How to beginner · 3 min read

Fix streaming response cut off

Quick answer
To fix streaming response cut off with the OpenAI Python SDK, always iterate over the streaming generator fully and concatenate chunk.choices[0].delta.content. Avoid premature breaks and flush output properly. Use stream=True and process all chunks to get the complete streamed text.

PREREQUISITES

  • Python 3.8+
  • OpenAI API key (free tier works)
  • pip install openai>=1.0

Setup

Install the official openai Python package version 1.0 or higher and set your API key as an environment variable.

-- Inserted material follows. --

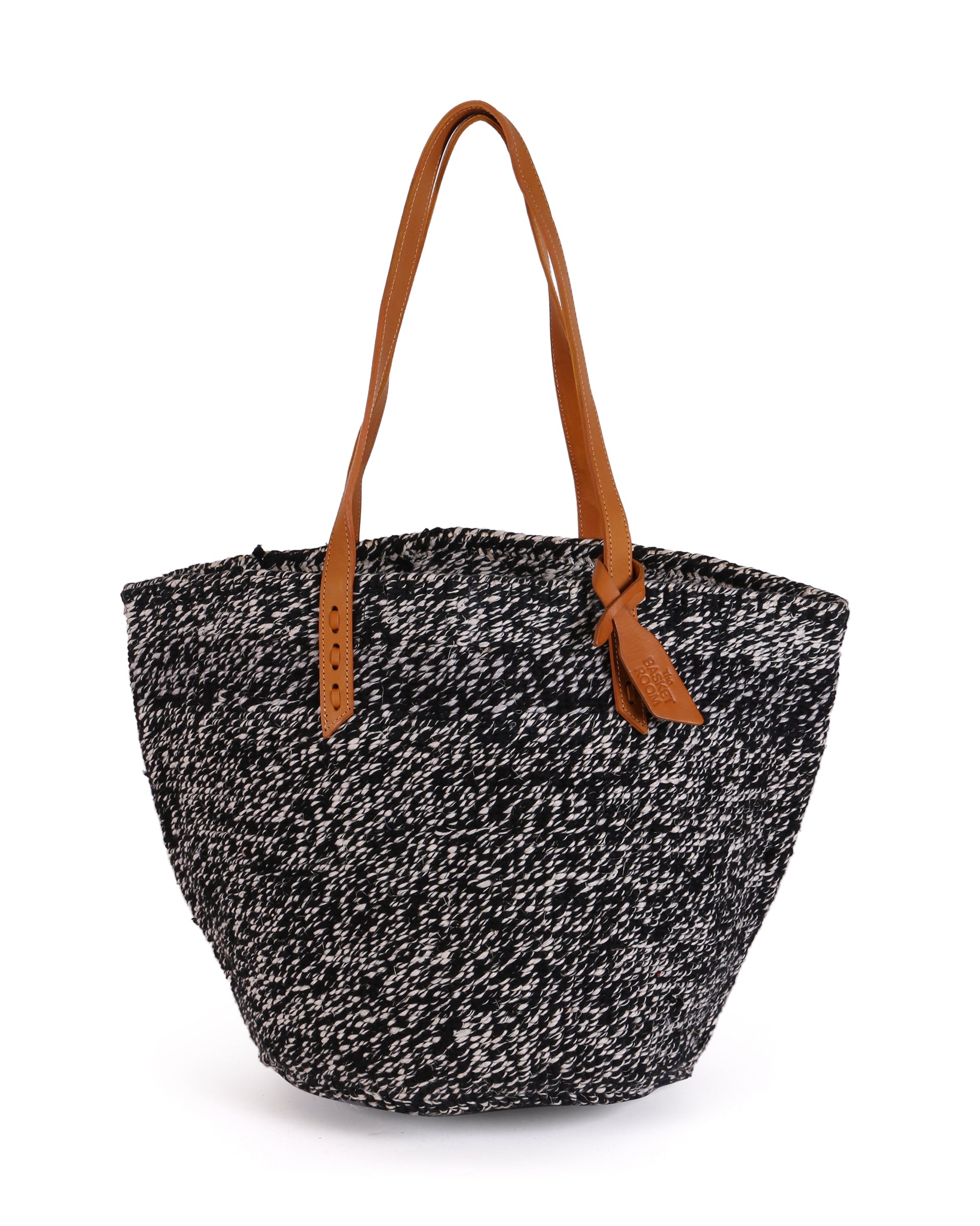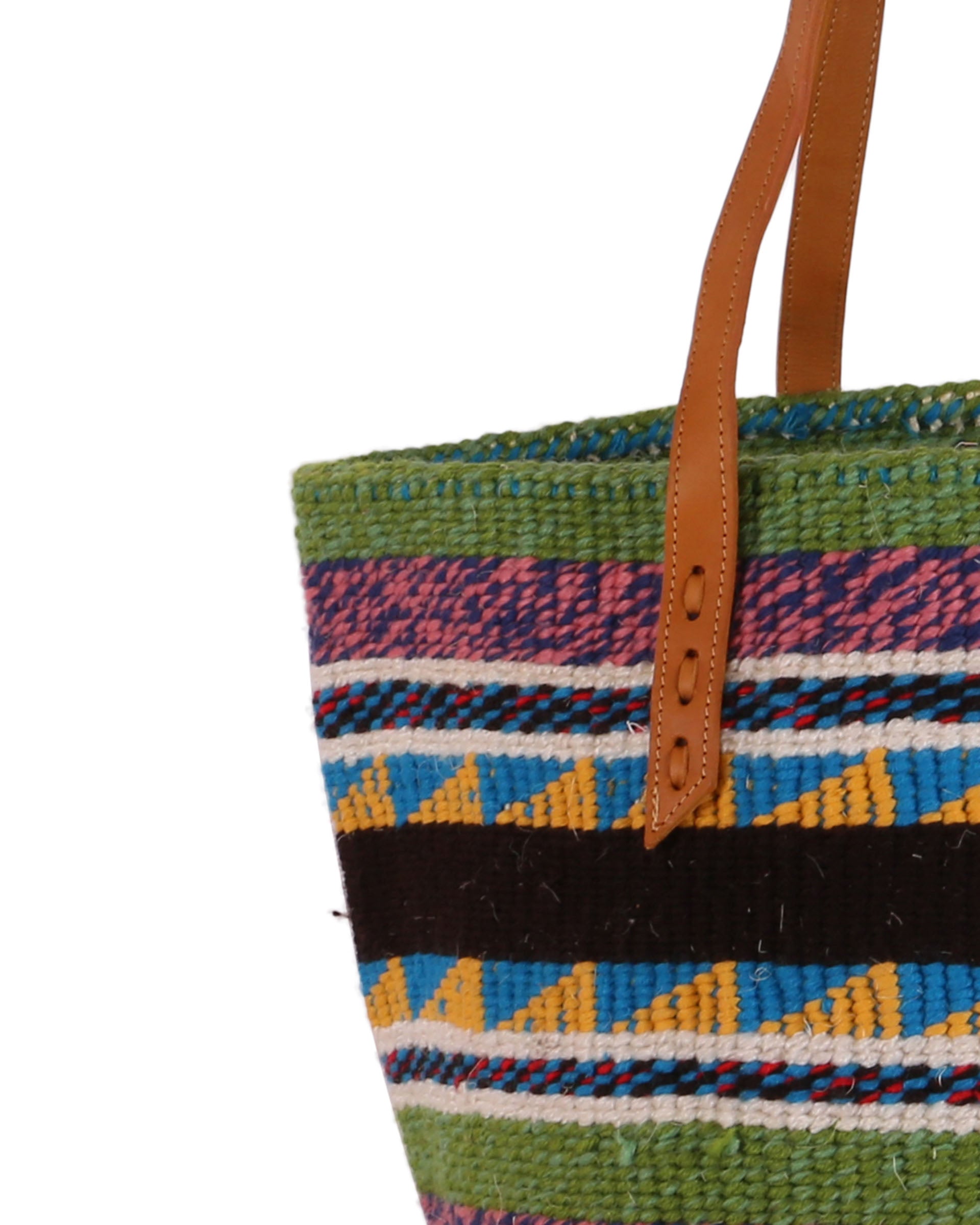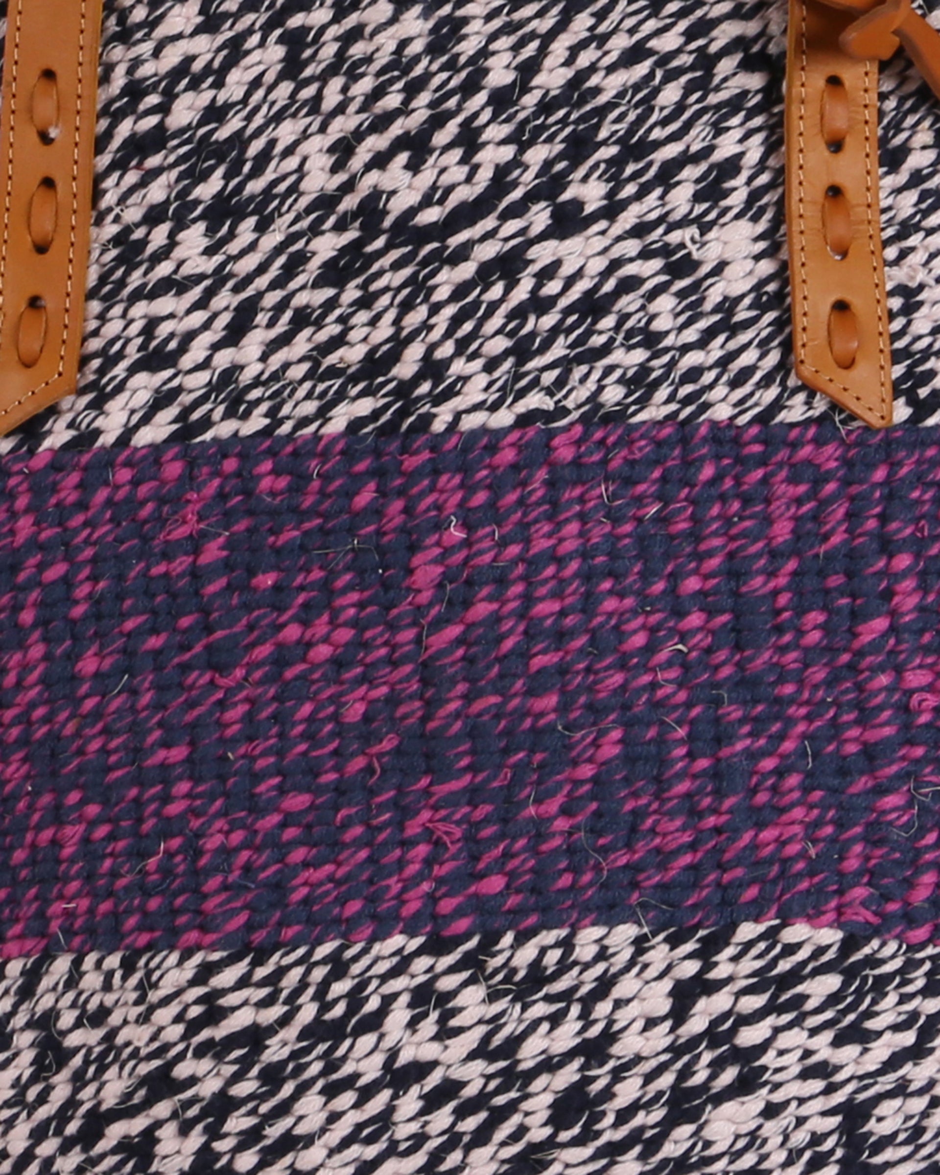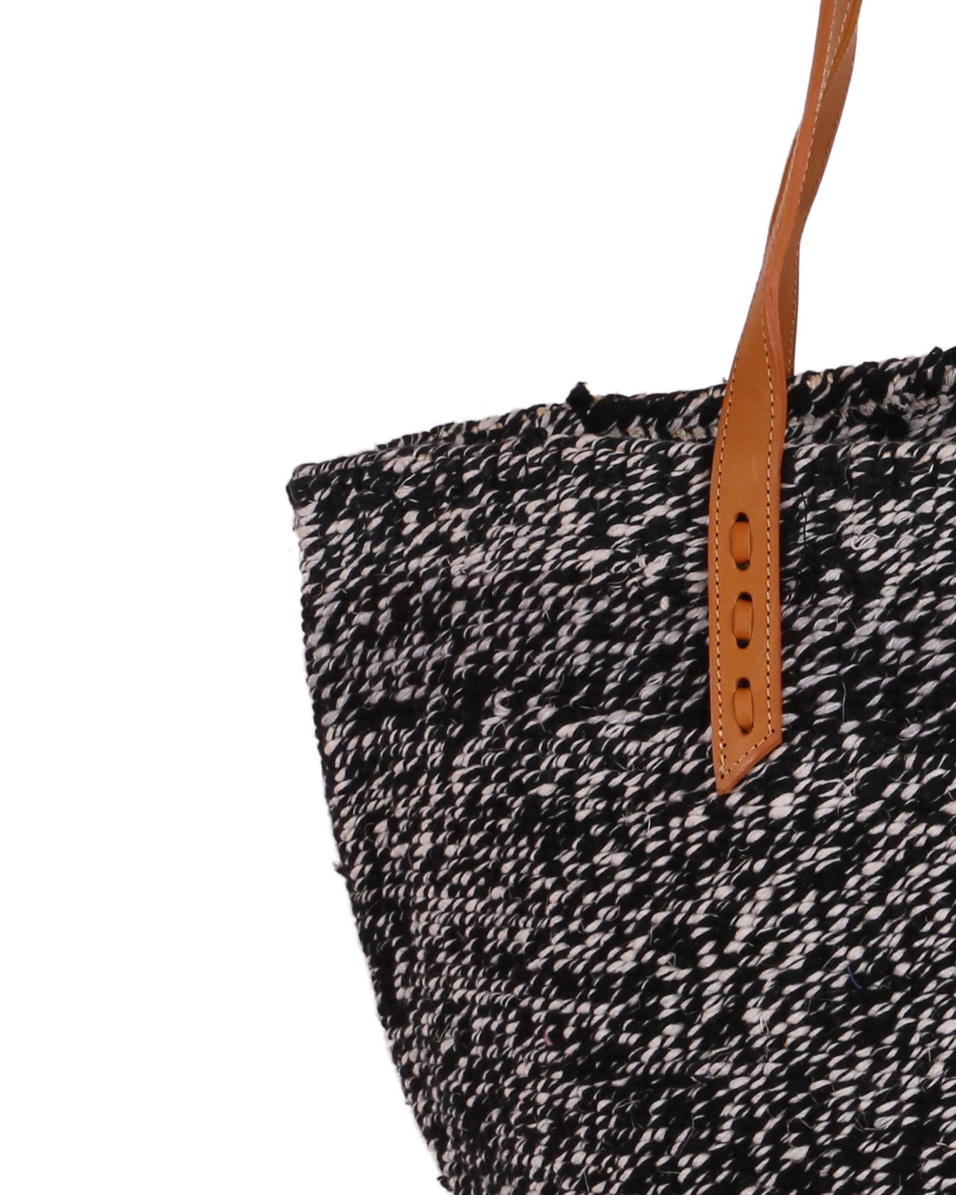 These basket bags are made from wool from second hand jumpers, woven around local sisal grass. The weavers regularly visit the ‘gikombas’ (clothes markets) to select and purchase colourful woollen jumpers, which are washed and unravelled at home into separate balls of coloured wool – and then woven. The bags are finished in a local leather works, being fitted supple cow hide straps for carrying.

  • Install package: pip install openai
  • Set environment variable: export OPENAI_API_KEY='your_api_key' (Linux/macOS) or setx OPENAI_API_KEY "your_api_key" (Windows)
bash
pip install openai
output
Collecting openai
  Downloading openai-1.x.x-py3-none-any.whl (50 kB)
Installing collected packages: openai
Successfully installed openai-1.x.x

Step by step

Use the OpenAI SDK's streaming feature correctly by iterating over the response generator fully and concatenating the content from each chunk. This prevents cut off caused by incomplete iteration or premature termination.

python
import os
from openai import OpenAI

client = OpenAI(api_key=os.environ["OPENAI_API_KEY"])

messages = [{"role": "user", "content": "Explain the benefits of streaming responses."}]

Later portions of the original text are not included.